Члены побежденных партий оказывались часто в положении, сходном с положением подданных тираний с тою лишь разницей, что однажды почувствованная свобода или власть, а, быть может, и надежда вновь их обрести, придавала их индивидуализму особый размах. Именно среди этих людей, не по доброй воле пользующихся досугом, мы обнаруживаем, например, Аньоло Пандольфини{167}
(1446 г.), чье сочинение «О домоводстве»[266] является первой программой завершенного сложившегося частного существования. Его сопоставление обязанностей индивида и ненадежной, неблагодарной государственной деятельности[267] может быть названо своего рода истинным памятником времени.И наконец, изгнание обладает тем свойством, что оно либо полностью уничтожает человека, либо поднимает его на большую высоту. «Во всех наших густо населенных городах, — говорит Джовиано Понтано[268]
, — мы видим массу людей, которые добровольно покинули свою родину: добродетели ведь берут всегда с собой». В самом деле, далеко не все из них были формально изгнаны, многие покинули родину добровольно, потому что ее политическое и экономическое состояние стало невыносимым. Выходцы из Флоренции в Ферраре, выходцы из Лукки в Венеции образовали целые колонии.Космополитизм, развившийся в наиболее тонких по своей духовной природе изгнанниках, представлял собой высшую ступень индивидуализма. Данте находит новую родину, как уже было сказано (с. 56) в языке и культуре Италии, но выходит и за эти пределы, говоря: «Моя родина — весь мир!»[269]

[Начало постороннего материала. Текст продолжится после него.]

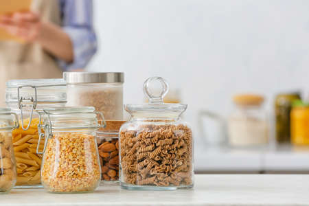 Close up of cereals in cans on shelf. Raw pasta products in glass jars in kitchen
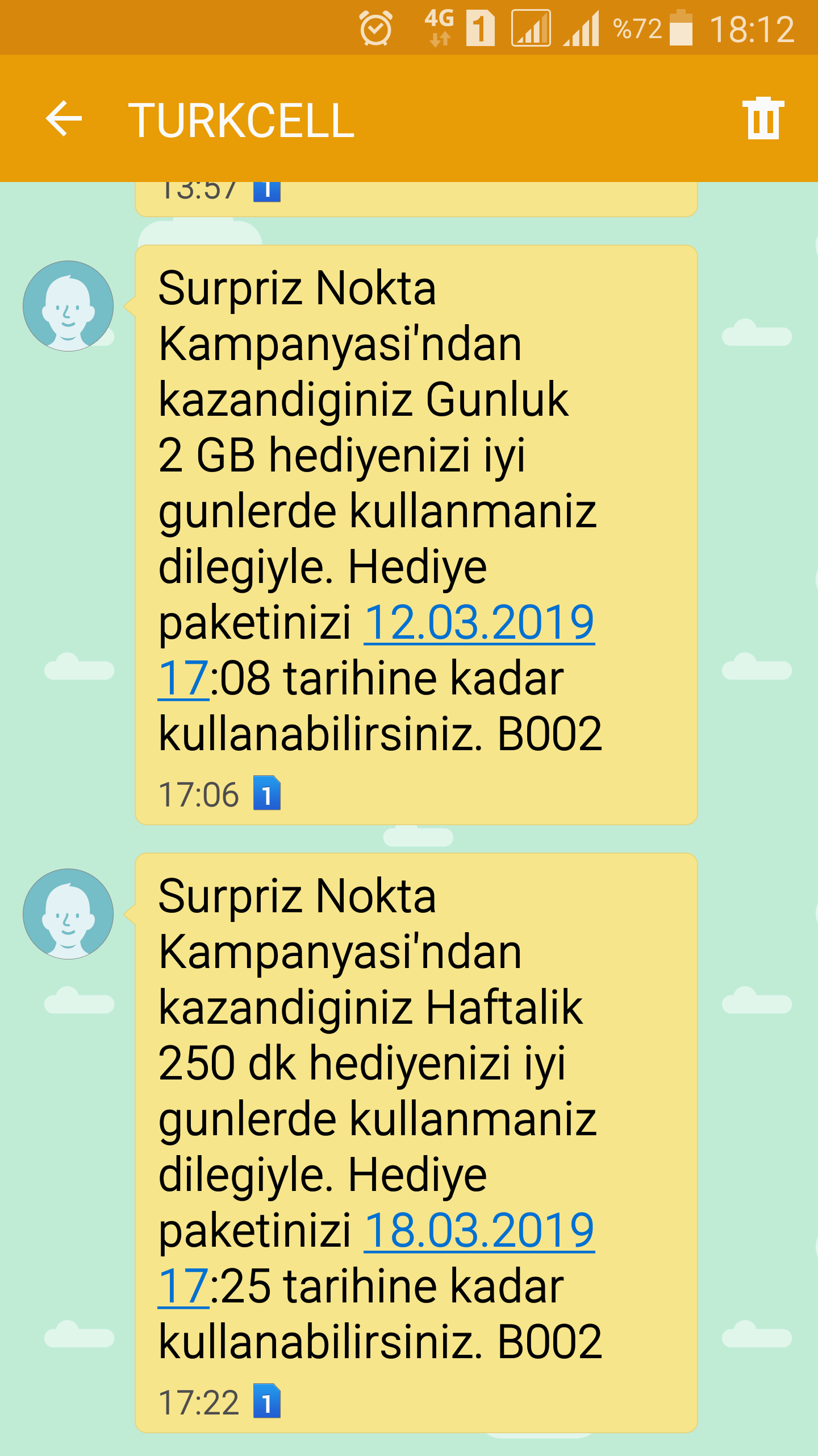 lacivertleri ben denemiştim onlar da aynı hediyeleri veriyor, neden şekilleri öyle anlamadım haftalıkların olduğu zaman daha eğlenceliydi, hatta geçen sene 5gb aylık 10gb aylık gibi daha büyük hediyeler de varmış ben o zamanlara yetişemedim |
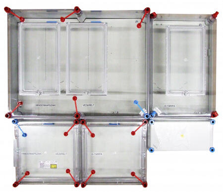 Műszaki jellemzők: - Névleges feszültség: 1000 V-ig - Maximális áramerősség: 1250 A-ig - Méretek: = Magasság: 250 mm-től 1800 mm-ig = Szélesség: 250 mm-től 10000 mm -ig = Mélység: 150 mm/ 200 mm /250 mm Rögzítési lemez / 30 a berendezéshez - A bemeneti-kimeneti vezetékek burkolata - Földelő dübelcsap - Anyaga: Acél - IP kód: IP65 Előnyök: - Lehetőség a nyitási irán
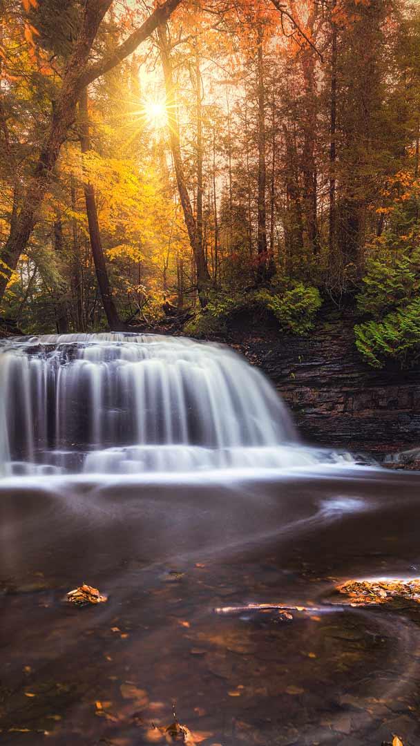 Trilhas moderadas, beleza profunda Rock River Falls, Península Superior, Michigan, EUA (© Matt Anderson Photography/Getty Images)
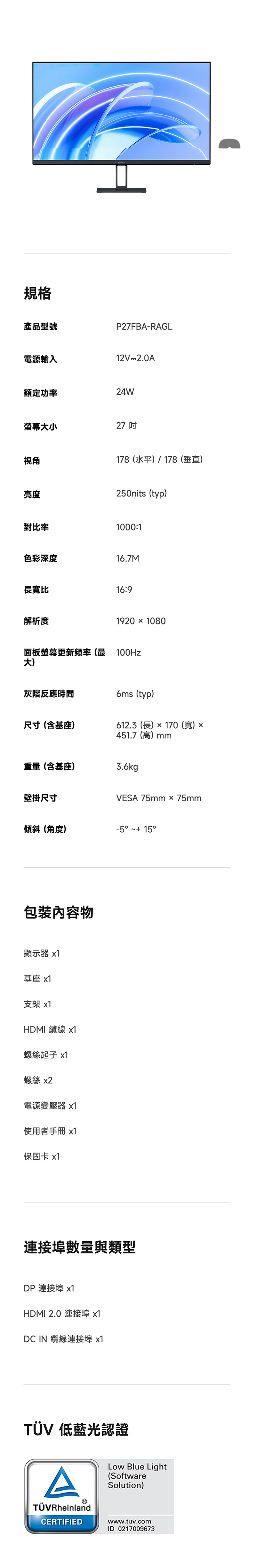27吋/IPS/100Hz/P27FBA-RAGL
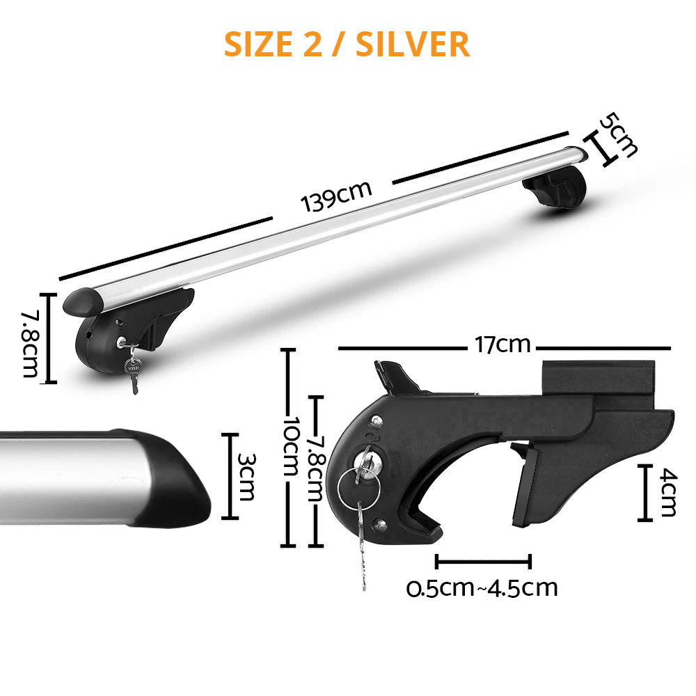 Although the crossbars are adjustable, we have 2 sizes available for a better fit to your car. Please choose carefully the correct size as each option has a maximum fitting width (the distance between your rails).
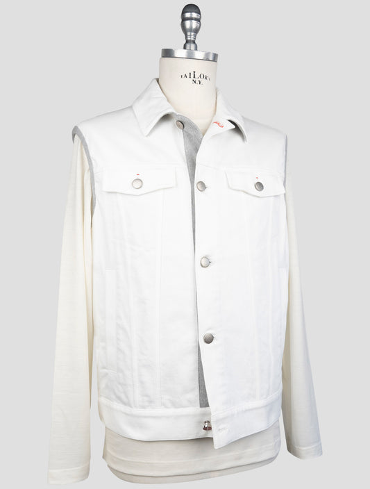 Chaleco de Lana Beige para Hombre Kiton con Inserciones de Cuero Suede
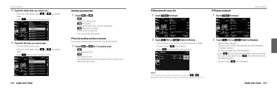 • Touch File (File) in Repeat during random playback to repeat
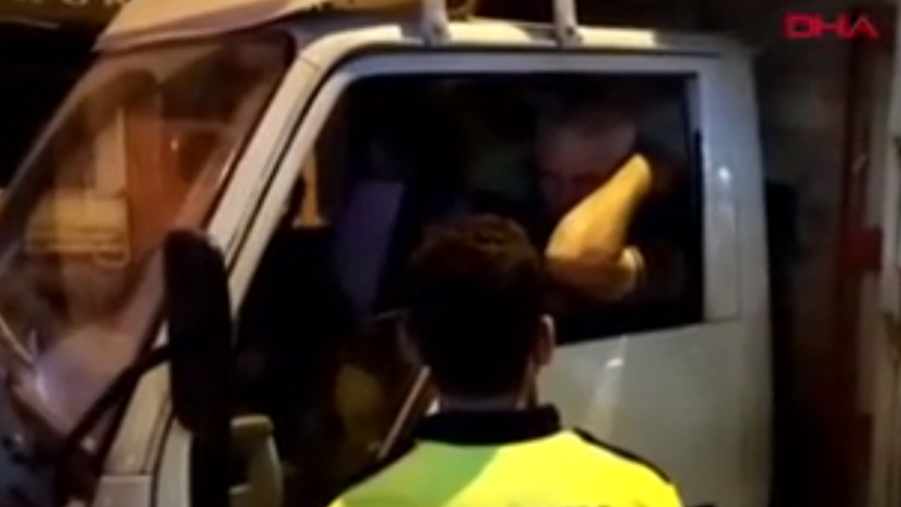 Aracın yanına giden polis, sürücünün direksiyon başında uyuduğunu gördü. Uzun uğraşlar sonucu uyandırılan sürücü İbrahim C.’, yapılan alkol testinde 2.43 promil alkollü olduğu tespit edildi.
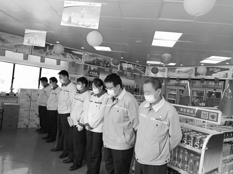 4月4日10時,分公司機關、各區(qū)域和加油站有懸掛國旗的全部下半旗志哀,員工默哀3分鐘,在確保安全和正常經(jīng)營秩序的前提下,部分加油站組織進站車輛鳴笛志哀。
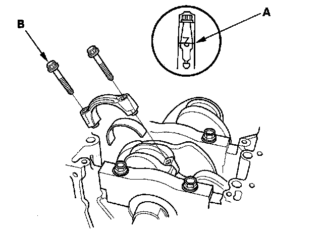 Apply new engine oil to the bolt threads and flanges. Torque the bolts (B) to 20 Nm (2.0 kgf-m, 14 ft. lbs.).
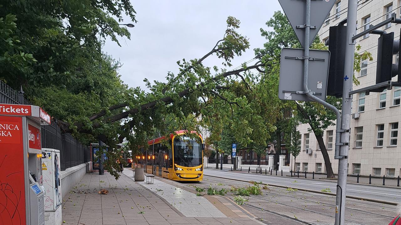 „Aufgrund eines umgestürzten Baumes in der Nähe des Haltestellenkomplexes Nowowiejska kommt es zu Problemen beim Betrieb der Linien 10, 11, 15, 17, 33, 35, 36 und T. Mögliche Verzögerungen. Linien können umgeleitet werden.
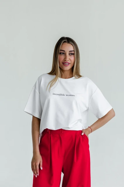 Базовая женская футболка в классическую расцветку свободного кроя - неотъемлемаяя часть гардероба, дополнена популярной фразой. Можно сочетать с брюками, шортами или юбкой, добавив жакет, кардиган или жилет. Комфортная модель, приятная к телу ткань. Разбавит ваши ежедневные образы.
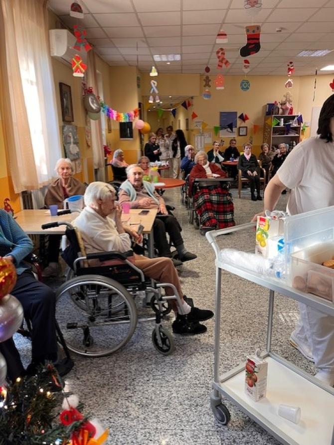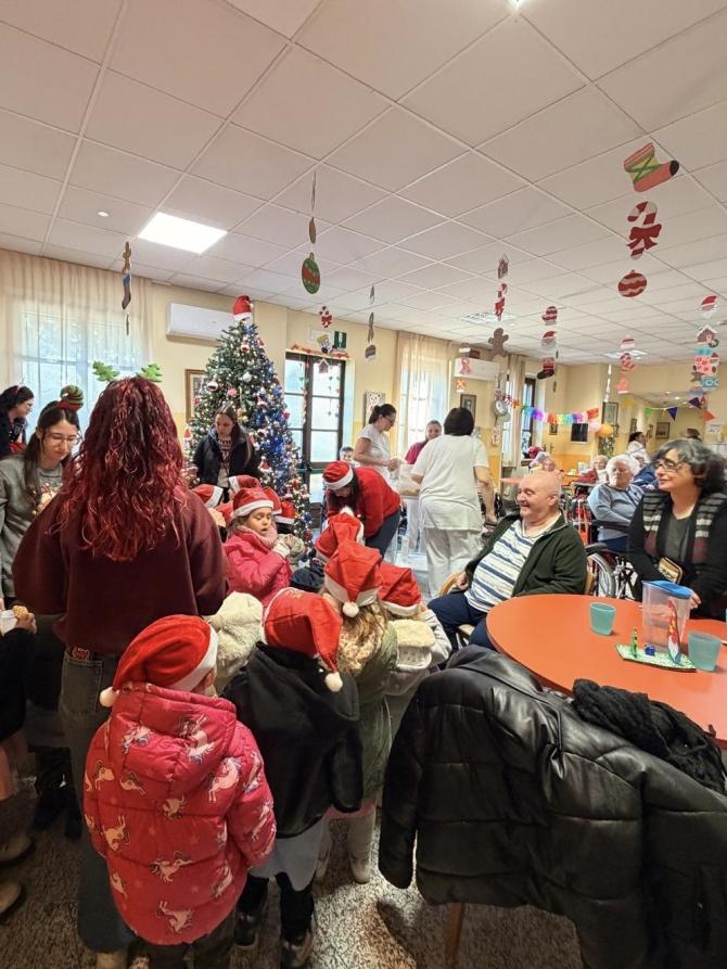 Un vero dialogo tra età diverse, capace di superare il tempo. La mattinata è proseguita con una merenda condivisa, un momento di convivialità che ha unito grandi e piccoli attorno allo stesso tavolo, e si è conclusa con il canto di due canzoni natalizie, intonate dai bambini e dalle loro insegnanti con entusiasmo ed emozione. Le loro voci hanno riempito la RSA di gioia, commuovendo ospiti e operatori.
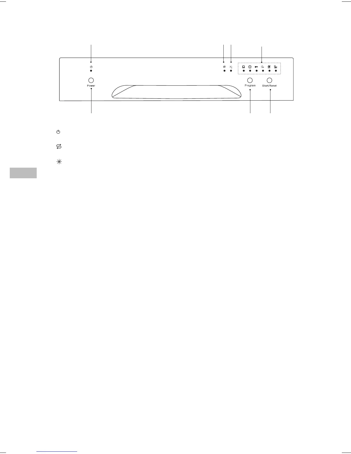 • Lyser når oppvaskprogrammet er valgt.
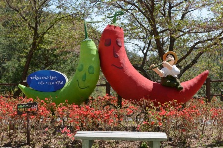 森の中の散策コースを進むにつれ、やはりトウガラシに関連したオブジェや看板が続々と登場。あまりにトウガラシすぎる景色にいちいち感想すら抱かなくなってきたころ、湖のほとりが見えた。そこには巨大なトウガラシが、つり橋の支柱として堂々とそそり立っていたのだった。
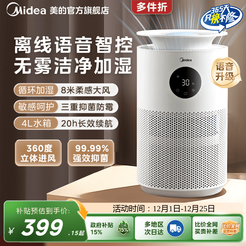 美的加湿器卧室家用静音孕妇婴儿空气净化小型大容量桌面喷雾2025
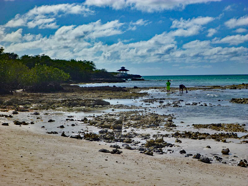 The tides on this beach seem quite drastic. At high tide, the water is right up to the shelters. At low tide, the rocks that were underwater become little islets. There is a restaurant at this beach with seating and two bars. The drink service along the beach is exceptional and the lobby bar could take a few lessons from these guys.
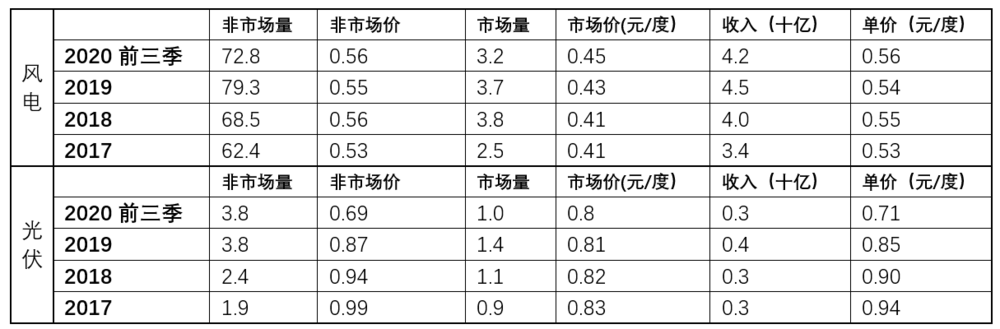 以2020年前三季为例,风电非市场销售72.8亿度、价格0.56元/度;市场销售3.2亿度、价格0.45元/度;总销售收入42亿、均价0.56元/度。有意思的是,光伏发电非市场价反而低于市场价。
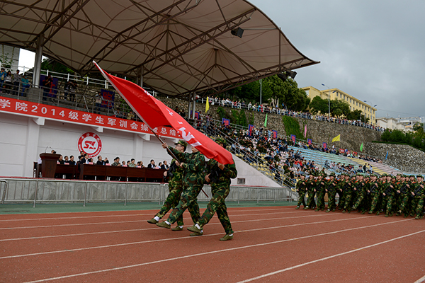 9月18日,我校隆重召开2014级学生军训会操暨总结大会,全体2014级学生以分列式、刺杀操、花样队列和军体拳表演等形式展示了他们半个月来的军训成果。校领导张景书、刘建林、左晓民、王思怀、魏书堂,解放军西安政治学院副院长赵岁步大校,2014级学生军训团团长、解放军西安政治学院杨定友大校,学生军训团政委、校学生处处长、人武部部长石启英,商州区委常委、商州区武装部政委张翔观看了会操表演并为受表彰的军训先进集体和个人颁奖。各院(部)、各职能部门主要负责人,2014级学生辅导员参加了大会。大会由副校长魏书堂主持
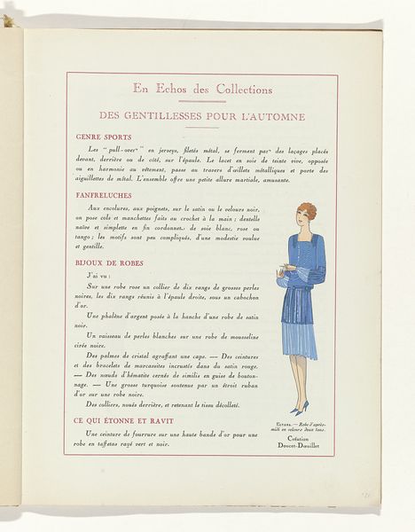 This page from "Art - Goût - Beauté" was made in November 1928 using printmaking. You know, the way the simple lines create these fashionable women and the interior space makes me think about how the image was constructed. It's all about the layering, isn't it? Look at how the different planes and textures of the fabrics are rendered with such sparse marks! The artist has made some simple and elegant lines, giving us just enough information to imagine the weight and drape of the fabric. I’m drawn to the pale yellow, almost cream, palette. It feels muted and reserved, yet hints at light and shadow, giving depth to the scene. See how it creates these subtle differences in tone? It’s all about process, each layer informing the next. The composition reminds me of some of David Hockney's set design work, like he's arranging figures in a stage set. Both artists share a playful and experimental approach to rendering space and form through color and line. It's just an ongoing conversation, this art thing. And of course, there's no one 'right' way to look at it!
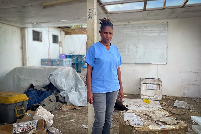 Sarah Maia, a midwife, stands amid the ruins of a cyclone-damaged clinic room at Lenakel Hospital. Over half of women in Vanuatu already experienced high levels of physical or sexual violence before the cyclone. “The cyclone has increased women’s vulnerability to sexual abuse,” shares Sarah, a survivor of gender-based violence (GBV).
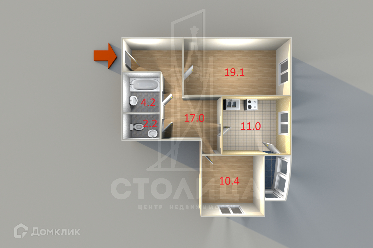 Общая площадь 64 м2
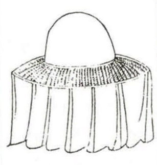 羃篱,最早应起源于古代阿拉伯地区,经西域传入我国,主要流行于北朝、隋及初唐时期。其形制有两种,一种全身障蔽类似斗篷;一种与衣帽相连,只留出面孔,是所谓“大头长裙帽”。北魏时的吐谷浑“多以帷幂为冠”,南北朝时河南国“有青海……著小袖袍……大头长裙帽”,此帷幂及大头长裙帽即为羃篱无疑;当时的吐谷浑“王公贵人多带幂篱”;唐代西域地区仍然流行披罗锻、蒙黑巾戴羃篱,如骠国女子“衣青婆裙,披罗缎”,康国女子“蒙黑巾”,吐谷浑男子“通服长裙、缯帽,或戴幂篱 [2]。《隋书 • 文四子传 • 秦孝王俊》:“俊有巧思......为妃作七宝幂篱。”[3]顾起元《说略》有载,“羃蓠,按实录曰:本羌人之首服,以羊毛为之,谓之毡帽。至秦汉,中华竞服之。后以故席为骨而鞔之,谓之席帽。”[4]陕西昭陵博物馆的燕妃墓后甬道南口西侧有一个手捧羃篱的女侍图。(图一)此图向我们展示的羃篱样式为上面为一个竹做的斗笠,下缀透明的沙布之类。整体较长基本可覆盖全身。和文献上描述的羃篱基本一致。其主要功能仍然为防风沙和遮阳,充分体现了其实用性。
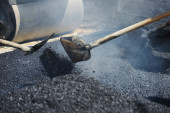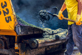 Ciężka praca na asfalt budowa
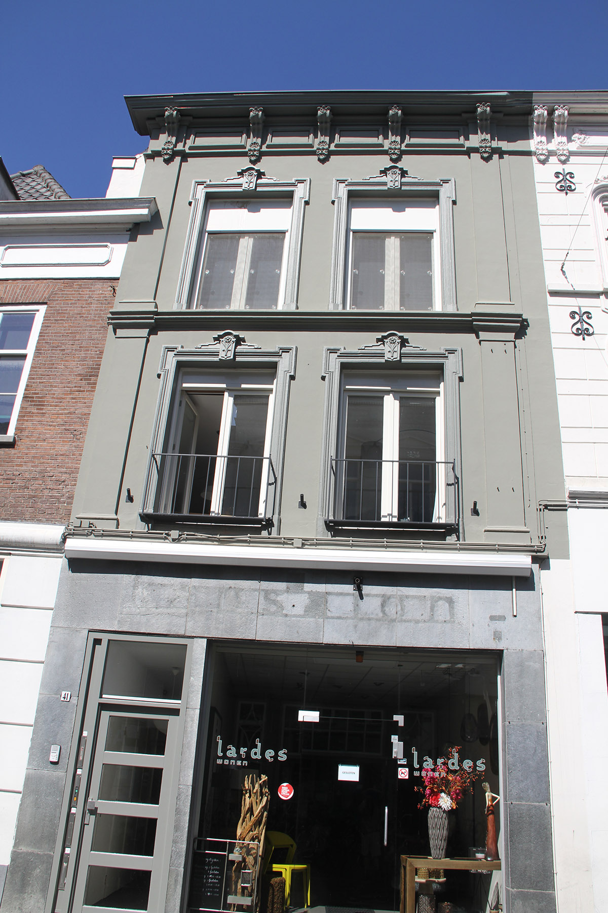 Context(Bouw)historie:Het pand Vughterstraat 41 stond vroeger bekend onder de naam “Het Verguld Hekken” (naar het vergulde hek dat destijds onder het venster op de eerste verdieping zat). Het pand werd in 1760 door koperslager Th. Luyckx gekocht. Behalve dit huis aan de Vughterstraat stond op dit perceel ook een pand aan de achterliggende Postelstraat. Dit huis werd in 1761 door Luyckx gekocht. In de eerste helft van de 19de eeuw was dit gebouw in gebruik als speldenfabriek. Rond 1910 was het in gebruik als magazijn van de firma Gulick Luyckx. Het ernaast gelegen “Gele Huis” deed in 1910 dienst als stal en koetshuis van de firma. Deze bebouwing aan de Postelstraat hoort nu niet meer bij Vughterstraat 41. Waarschijnlijk is het perceel in de tweede helft van de 19de eeuw opgedeeld. Van 1797 tot 1800 werd in het pand Vughterstraat 41 het Heilige Sacrament van Mirakel van Heckenrode door de koopman in spelden Simon Antonius Luyckx bewaard.Dit oude pand werd in de tweede helft van de 19de eeuw verbouwd en voorzien van een nieuwe voorgevel. De winkelpui van deze 19de-eeuwse gevel is 1964 vernieuwd. De begane grond is ook tegenwoordig nog in gebruik als winkel en op de verdiepingen wordt gewoond. Ligging:Het gebouw ligt aan de noordwestelijke zijde van de Vughterstraat in een flauwe bocht, in het gebied tussen de eerste ommuring uit de 13de eeuw en de tweede ommuring uit de 14de eeuw. Het perceel liep tot halverwege de 19de eeuw door tot aan de Postelstraat. Het geheel aan de Vughterstraat is onderdeel van een gevelwand met voornamelijk 19de-eeuwse lijstgevels. Veel van deze panden aan de Vughterstraat hebben een oudere, soms zelfs middeleeuwse, kern. Door de eeuwen heen is de Vughterstraat, die in opzet een stadsuitbreiding uit de 14de eeuw is en vanuit het zuiden van ’s-Hertogenbosch naar de Markt loopt, een belangrijke uitvalsweg geweest met grote economische activiteiten. Hierdoor is de hoofdbebouwing aan deze straat door de tijd heen sterk gewijzigd en vernieuwd.BeschrijvingAlgemeen (hoofdvorm, kap):Het pand bestaat uit een voorhuis dat via het trappenhuis verbonden is met het achterhuis en een kleine, bebouwde achterplaats. Onder het middendeel ligt een kelder (vermoedelijk aangelegd in 1919). Het voorhuis omvat een begane grond, twee verdiepingen en een zolder onder een zadeldak met dakschild aan de voorzijde. Dit dak, nok haaks op de voorgevel, is gedekt met gesmoorde Hollandse pannen. Het achterhuis heeft een begane grond, verdieping en zolder onder een zadeldak met dakschild aan de achterzijde. Ook dit dak is gedekt met gesmoorde pannen.Voorgevel:De twee vensterassen brede voorgevel (XIXB) is gepleisterd en heeft op de begane grond een pui uit 1964. Links bevindt zich de toegang tot de bovenwoning en rechts hiervan is een grote gevelopening met glas en de winkelingang. De pui is bekleed met natuursteen. Boven de pui heeft de gevel hoekpilasters. De voorgevel lijkt in dezelfde periode tot stand te zijn gekomen als de voorgevel van het rechter buurpand. De verdiepingen worden visueel van elkaar gescheiden door een geprofileerde kordonlijst. Op de eerste en tweede verdieping twee vensters met vernieuwde draairamen. De bovenlichten zijn dichtgezet. De vensters op de eerste verdieping zijn voorzien van hekwerkjes (1964). Alle vensters op de verdiepingen hebben een geprofileerde omlijsting en een kuifje. De gevel wordt afgesloten door een hoofdgestel met architraaf, een fries met velden en geornamenteerde consoles met daarboven een geprofileerde kroonlijst. | 2 |

. А когда ему предложили вернуться во Флоренцию на недостойных условиях{168}, он в своем ответе написал: «Разве я не везде могу видеть свет солнца и звезд? Не могу размышлять о благороднейших истинах повсюду, не выступая при этом покрытым позором перед народом и городом? И куска хлеба я также не буду лишен»[270]. С высокой непреклонностью подчеркивают и художники свою свободу от связи с определенной местностью. «Лишь тот, кто всему научился, — говорит Гиберти[271]{169} — нигде не будет чужеземцем; даже лишившись своего имущества, без друзей, он все-таки гражданин каждого города и может бесстрашно и с презрением относиться к переменам своей судьбы». Подобное же утверждает находящийся в изгнании гуманист: «Где ученый человек поселился, там его добрая родина»[272].При очень обостренном понимании истории культуры, можно было бы, вероятно, шаг за шагом проследить увеличение в XV в. числа широко образованных людей. Ставили ли они перед собой как осознанную и ясно сформулированную цель гармоническое завершение духовного и внешнего существования, сказать трудно; однако многие из них обладали таковым, насколько это вообще возможно при несовершенстве всего земного. Если отказаться от возможности вывести общее заключение в соотношении счастья, одаренности и характера в такой индивидуальности, как Лоренцо Великолепный, то можно обратиться к такой индивидуальности, как Ариосто, главным образом к тому, как он выразил себя в своих сатирах. В какой гармонии здесь находятся гордость человека и поэта, ирония по отношению к собственным наслаждениям, тонкая насмешка и глубокая благожелательность!
В тех случаях, когда импульс к высочайшему развитию личности сочетался с действительно мощной и при этом многосторонней натурой, подчинившей себе все элементы тогдашней образованности, возникал «всесторонний человек», l’uomo universale, который встречается только в Италии. На протяжении всего средневековья в различных странах были люди, обладавшие энциклопедическими знаниями, так как области отдельных наук были близки друг к другу; вплоть до XII в. встречаются и многосторонние художники, ибо проблемы архитектуры были относительно просты и однородны, а в скульптуре и живописи над формой преобладало то, что должно было быть изображено. Напротив, в Италии эпохи Возрождения мы видим отдельных художников, которые создают одновременно во всех областях новое и по-своему совершенное и при этом еще производят величайшее впечатление как личности. Иные многосторонни вне искусства, которым они занимаются, также в чрезвычайно обширной сфере духовности.
Данте, которого уже при жизни одни называли поэтом, другие философом, третьи теологом[273]
, источает во всех своих сочинениях полноту покоряющей личной силы, подчиняющей читателя даже независимо от предмета. Какую силу воли предполагает уже непоколебимо равномерная разработка «Божественной комедии». Если же обратиться к содержанию, то вряд ли есть во всем внешнем и духовном мире важный предмет, который бы не был им изучен и сказанное им по поводу которого — часто лишь несколько слов — не было бы важным свидетельством его времени. Для изобразительного искусства он может считаться источником — и это поистине так по причинам куда более существенным, чем несколько строк, посвященных художникам того времени; вскоре он стал еще и источником вдохновения[274].